# Pheasant Outing- Who is bringing what???



## Whit1 (Apr 27, 2001)

Spicy Hot gets my vote. Is there any other kind?....LOL!


----------



## knockoff64 (Oct 14, 2001)

Time to bump this up.

I will bring my wifes Italian Pasta Salad.
Flatware.
Paper Plates.
Paper Bowls.

Lets get an updated list, so as not to forget anything essential.


----------



## STEINFISHSKI (Jan 30, 2001)

I'll bring some italian beef and buns.
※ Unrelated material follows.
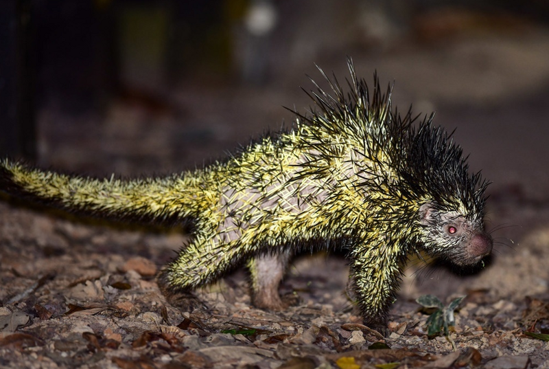 Even the gestation period for the two-colored porcupine was calculated only on the basis of general information about the family: pregnancy lasts up to 6-7 months, and during this time the porcupine mother gives birth to only one porcupine. Yes, it’s a long time, yes, it’s not long, but from the first minutes of life the baby is already sighted and walking. But despite all its capacity, the baby porcupine will stay in the nest for a couple of weeks, after which it will emerge with its parentsher to explore the big world.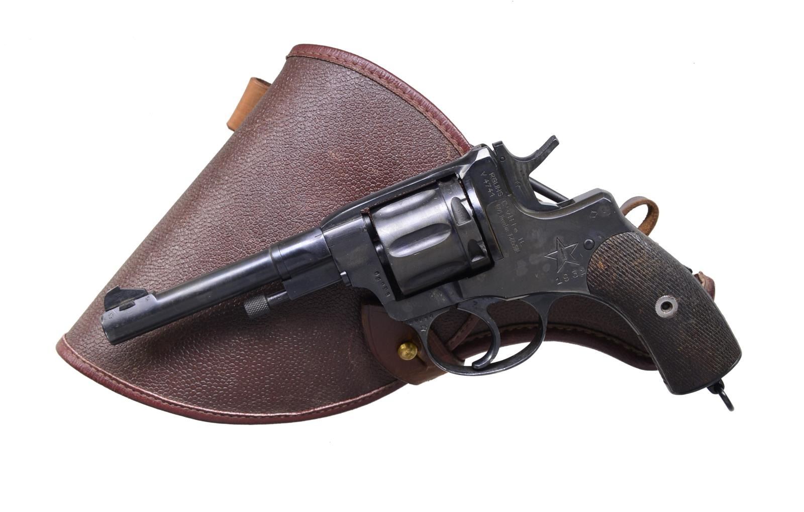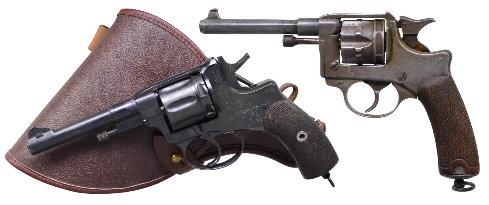 1) ST. ETIENNE MODEL 1892. Cal. 8mm. S# 1136. Bbl. 4 3/4". Introduced 1893 & used until end of WWII. Oct. bbl. w/ no visible date. Checkered walnut grip capped w/ lanyard loop. Matching numbered cyl. CONDITION: fair overall w/ no finish & appearance of gray patina. Hand worn grips. Fair bore w/ distinct rifling & cleaned light pitting. (20-3062/NW). 2) TULA ARSENAL MODEL 1895 NAGANT. Cal. 7.62 Nagant. S# V4741 (63690). Bbl. 4 1/2". Mfg. 1932 w/ matching S# 63690 on frame, trigger guard & bbl.; RGUNS import marked w/ S# V4741. Checkered walnut capped grip w/ lanyard loop. UNATTACHED ACCESSORIES: very good pebble grained flap holster w/ stud & strap retention. Front ammo pouch has double ended screwdriver blade. Cleaning rod retained on holster plus another inside having lanyard included. CONDITION: near excellent metal as refinished. Good plus grips w/ hand wear; good to very good bore w/ distinct rifling & spots of cleaned pitting. (20-3063/NW). BOTH CURIO. $350-500.

I need a plug for my crockpot and will bring a power strip so we can plug a few in with 1 outlet.


----------



## stevebrandle (Jan 23, 2000)

Hey, you'd think that since this is a pheasnat hunt we'd just plan on the AM crew feedin us all with the mornig's kill.


----------



## chromium (Oct 10, 2001)

*Let's just call it a Smorgasboard*

Let's try and keep this simple,

Knockoff said he will cover the Flatware, Paper Plates and Paper Bowls. (If you want me to bring some too John, let me know and I can split the cost with you.)
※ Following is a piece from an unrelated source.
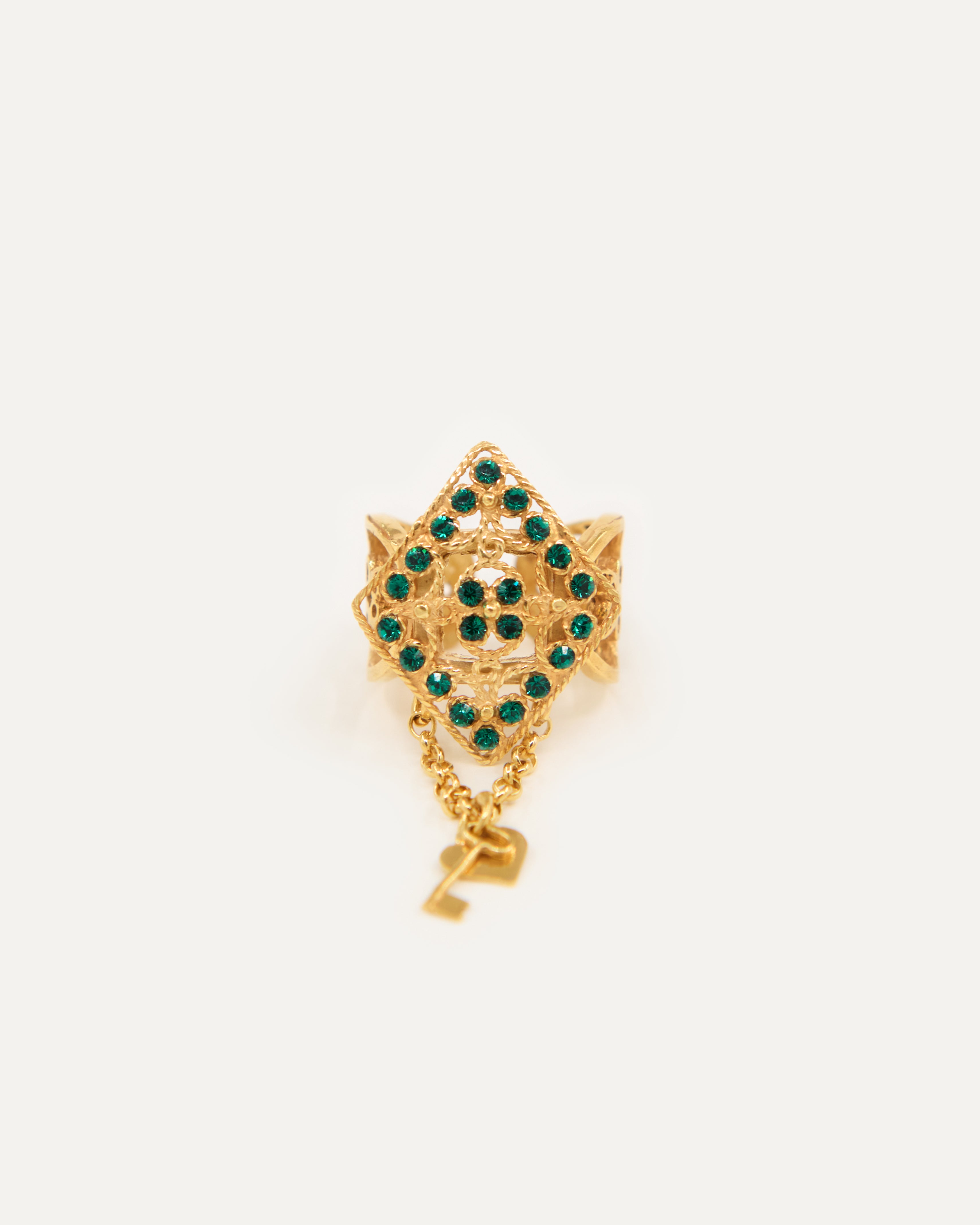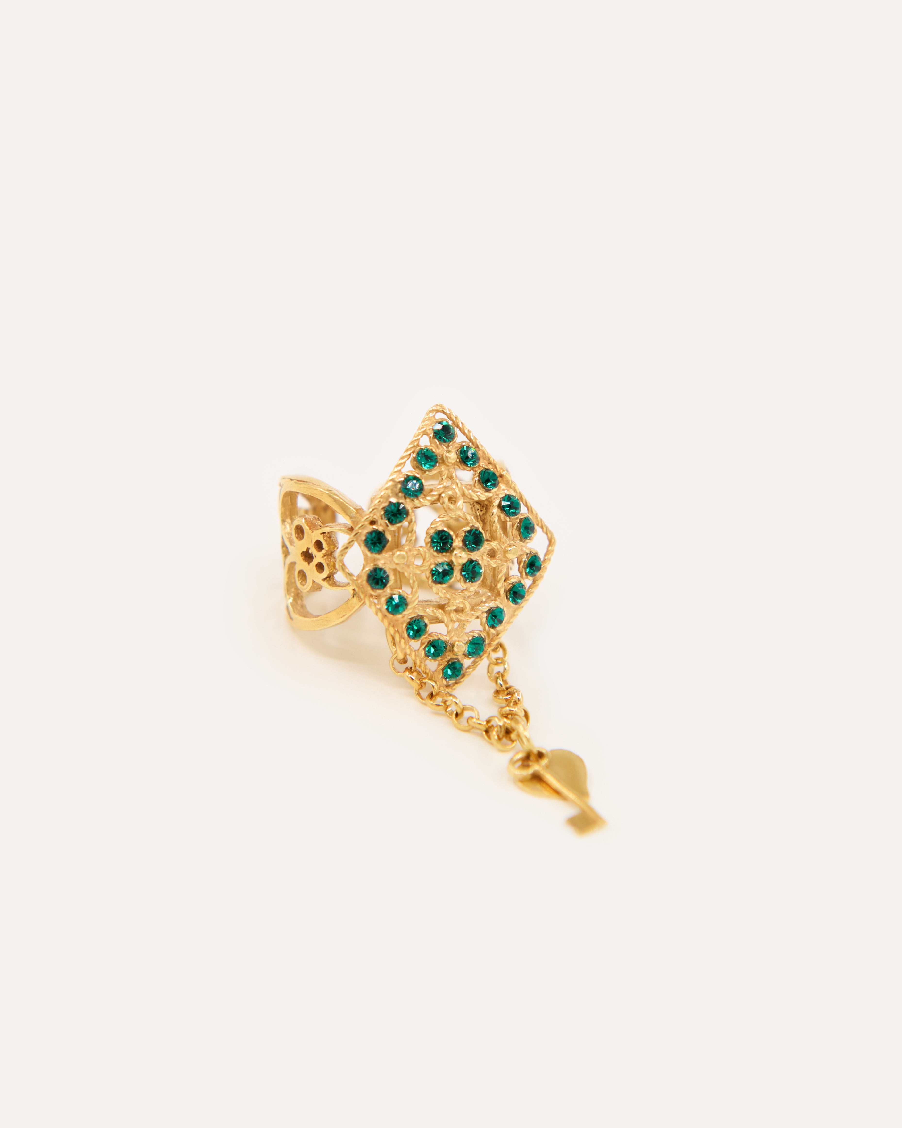 -Rombo pequeño de filigrana plana con cristales incrustados y cadenas acabadas en llave y corazón

Everybody bring something to pass.......whatever you want.

The people hunting in the morning will put their food in the clubhouse when they arrive and the people from the afternoon hunt will put their food in the clubhouse when they arrive.

And then to keep it simple, eat what you want, when you want regardless of whether you are hunting in the morning or afternoon.

How does that sound??


----------



## Brian S (Apr 5, 2002)

Sounds like I may be tempted to just sit around and eat all day .

Can someone go shoot me a bird while I fix me another helpin'?

Honestly though, it sounds great.


----------



## chromium (Oct 10, 2001)

You wouldn't be that "Special Person" would you Kirk? 

Good idea.


----------



## kingfisher2 (Mar 22, 2001)

Since their seems to be a problem with who's eating what..etc.....I think the afternoon hunt needs to take responsibility and make sure the morning hunt folks get a safe ride home after they're fed....

you guys can eat the rest...lol

Marc...


----------



## knockoff64 (Oct 14, 2001)

I've got utensils (serving and eating), plates, bowls and napkins covered (for 50). And a pasta salad.

As stated, keep it simple, make your food easy to enjoy.

Someone should bring a power strip, in case there are not enough outlets.

Trout, if you can cover the grill, that would be great.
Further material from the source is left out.